I’ve been thinking a lot about a line from poet June Jordan, who once wrote, “Like a lot of Black women, I have always had to invent the power my freedom requires.” 

Invent the power. 

What strikes me is the truth that echoes inside that phrase – the reality that so many Black women were never handed protection, opportunity, or permission. Instead, they created strength where none existed. They forged courage in spaces designed to silence them. They imagined freedom long before the world was ready to offer it, and then they marched toward it, carrying all of us along with them. 

Throughout history, Black women have changed our world not always with microphones or movements, but with persistence. And resolve. With everyday acts of bravery that became the backbone of progress. 

Claudette Colvin was just fifteen when she refused to give up her bus seat in Montgomery in 1955, months before Rosa Parks performed similar heroics, and later became a key plaintiff in the case that ended bus segregation. 

Dr.

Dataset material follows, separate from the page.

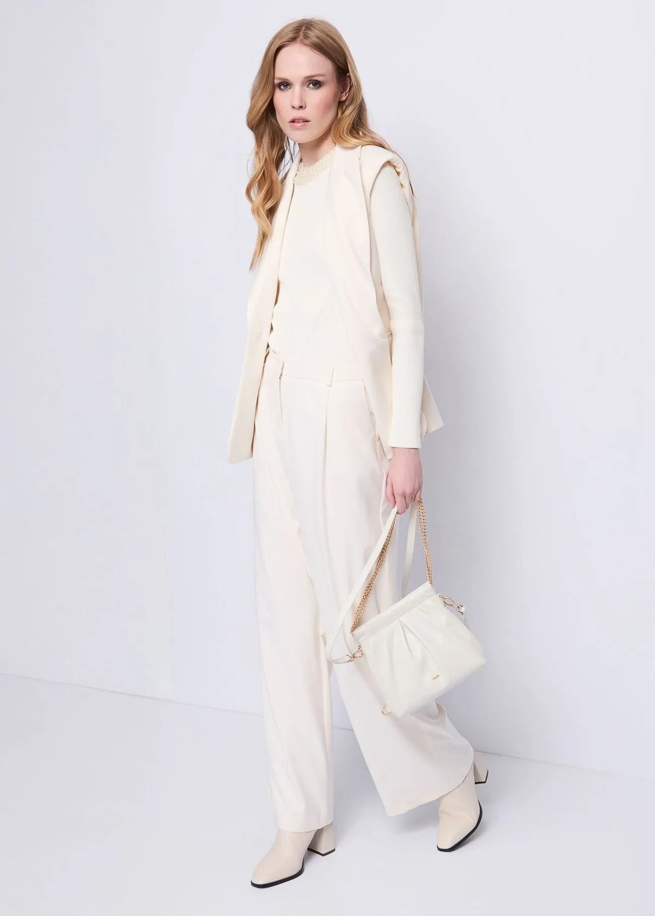 Scegli il gilet in misto viscosa elasticizzata con collo a revers e bottone dorato. Design sartoriale per una raffinata eleganza senza tempo.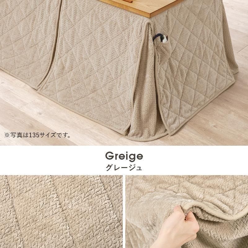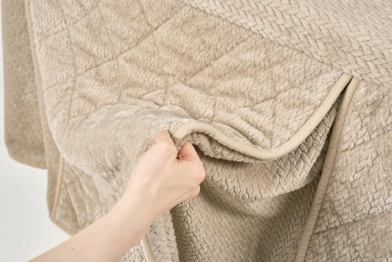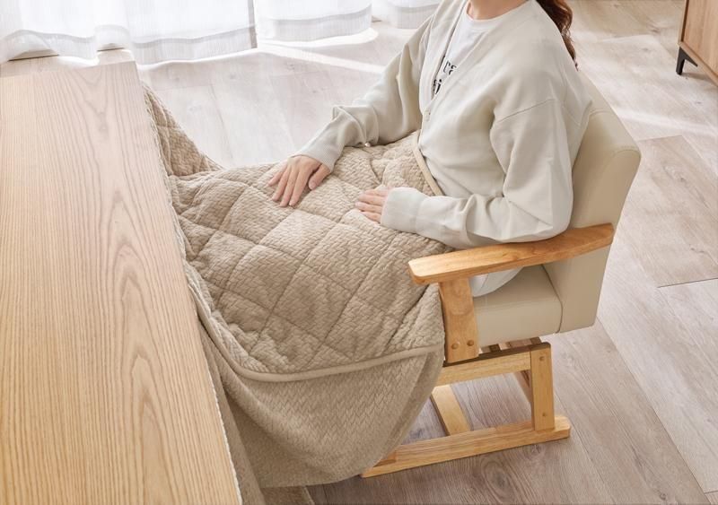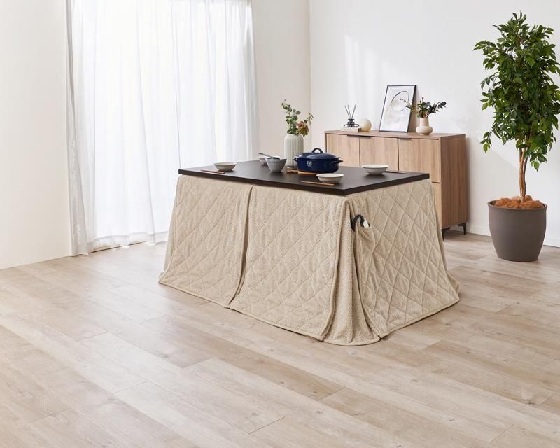 細かく編みこまれた立体感のあるニット柄が上品なこたつ布団。ダイニングタイプのこたつに合わせたこたつの熱を逃がしにくい省スペース仕様で、ヒーターのリモコンを入れるポケット付き。

Rebecca Lee Crumpler became the first Black woman physician in the United States in 1864, caring for formerly enslaved people despite relentless racism and resistance. 

Daisy Bates stood at the center of the Little Rock school desegregation crisis, guiding and protecting the Little Rock Nine as they faced mobs, threats, and national scrutiny to integrate Central High School. 

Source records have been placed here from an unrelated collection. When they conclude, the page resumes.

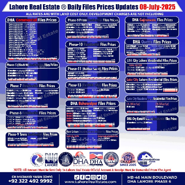 Lahore real estate, file rates Lahore, DHA Lahore file rates, property prices Lahore, real estate market Lahore, June 2025, DHA Phase 5, DHA Phase 6, DHA Phase 7, DHA Phase 9, DHA Phase 10, DHA Phase 13, Bahria Town Lahore, LDA City Lahore, Lake City Lahore, Liberty Lands Lahore, RUDA, Sapphire Bay, Chahar Bagh, real estate investment Pakistan, property trends Pakistan, Budget 2025-26 real estate, residential plots Lahore, commercial plots Lahore, property investment Lahore, real estate news Lahore, Lahore property market analysis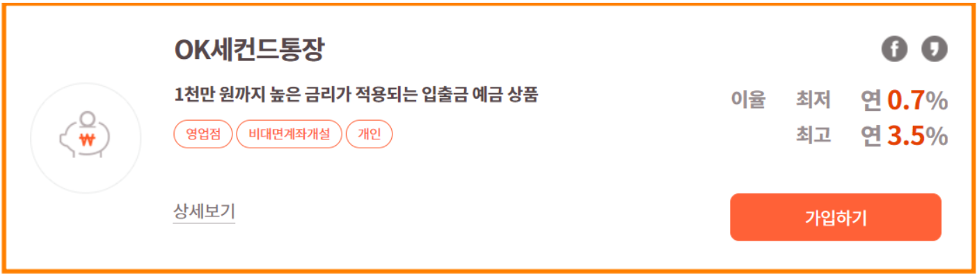 시중은행(저축은행 제외)/증권사 앱(APP)에서 제공하는 오픈뱅킹에 OK세컨드통장 등록 익일로부터 0.5% 우대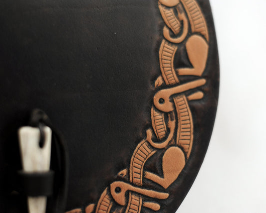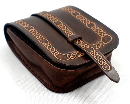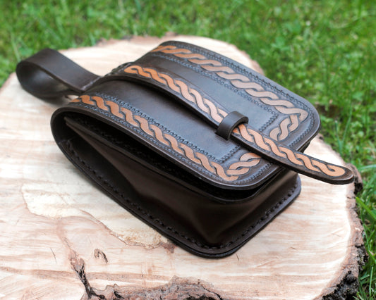 Sakiewki skórzane mocowane na pasku. Ręcznie tłoczone na mokro oraz malowane.

Harriet Tubman showed us that fear does not get the final word as she led hundreds to freedom. Fannie Lou Hamer spoke plainly about injustice when silence was safer. Audre Lorde urged women to use their strength in service of their vision. And Jane Bolin quietly shattered barriers as the first Black woman judge in the United States, bringing fairness into courtrooms that had long excluded women like her. 

Madam C.J. Walker invented opportunity where none existed, building a thriving business empire that empowered thousands of Black women with financial independence and pride. 

These women didn’t wait for empowerment. They invented it. They pioneered it. 

If Black people have been underappreciated in this country, Black women have carried that weight most heavily. For centuries, they’ve been exploited, dismissed, underpaid, and overlooked. Yet they kept building a more just society anyway. They kept teaching children, organizing communities, healing families, leading movements, creating culture, waving placards, and advancing the line when progress felt impossible.  There is something profoundly powerful about that kind of persistence. 

During Black History Month, and every month, we should pause not only to honor the famous and familiar names, but also to recognize the countless Black women whose quiet courage shaped the world we live in today. The ones whose stories weren’t always told. The ones who did the work even when no one was watching. 

Let’s read their words. Tell their stories. Learn from their courage. 

And salute the women who invented the power their freedom required. Because history did not move forward without them, and it never will.